▸ WHAT THE TASK REQUIRES: Pull out the lines from the one containing "bridge, charleston, south" through the final line of the listing below and repeat them exactly. Leave the pictures behind.

▸ INFORMATION SUPPLIED:
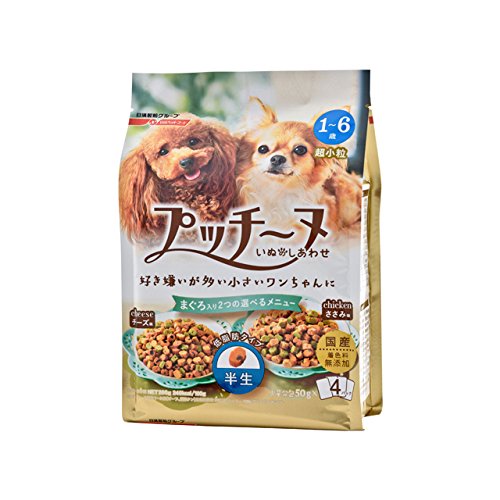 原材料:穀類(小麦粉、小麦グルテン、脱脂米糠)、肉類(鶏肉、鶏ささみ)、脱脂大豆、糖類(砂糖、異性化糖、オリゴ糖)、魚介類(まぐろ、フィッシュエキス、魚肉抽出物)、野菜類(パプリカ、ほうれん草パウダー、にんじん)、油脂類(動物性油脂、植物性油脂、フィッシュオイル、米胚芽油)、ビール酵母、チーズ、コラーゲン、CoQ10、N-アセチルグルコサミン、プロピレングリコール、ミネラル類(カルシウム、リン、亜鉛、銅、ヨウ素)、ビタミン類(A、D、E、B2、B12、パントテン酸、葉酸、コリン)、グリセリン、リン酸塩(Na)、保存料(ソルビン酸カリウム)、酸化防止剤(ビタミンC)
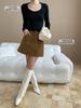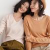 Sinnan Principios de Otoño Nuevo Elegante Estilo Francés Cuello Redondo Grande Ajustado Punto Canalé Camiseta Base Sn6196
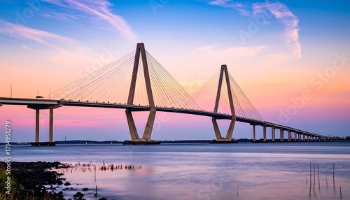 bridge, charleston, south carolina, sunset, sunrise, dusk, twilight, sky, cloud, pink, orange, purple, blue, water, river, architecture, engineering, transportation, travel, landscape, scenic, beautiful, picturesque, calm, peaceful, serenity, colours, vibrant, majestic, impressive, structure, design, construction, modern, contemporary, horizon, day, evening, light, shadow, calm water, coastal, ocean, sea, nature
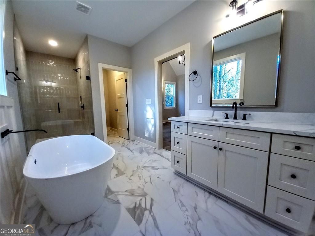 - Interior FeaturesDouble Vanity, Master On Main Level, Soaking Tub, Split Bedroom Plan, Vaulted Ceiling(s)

▸ ANSWER BELOW:
 bridge, charleston, south carolina, sunset, sunrise, dusk, twilight, sky, cloud, pink, orange, purple, blue, water, river, architecture, engineering, transportation, travel, landscape, scenic, beautiful, picturesque, calm, peaceful, serenity, colours, vibrant, majestic, impressive, structure, design, construction, modern, contemporary, horizon, day, evening, light, shadow, calm water, coastal, ocean, sea, nature
 - Interior FeaturesDouble Vanity, Master On Main Level, Soaking Tub, Split Bedroom Plan, Vaulted Ceiling(s)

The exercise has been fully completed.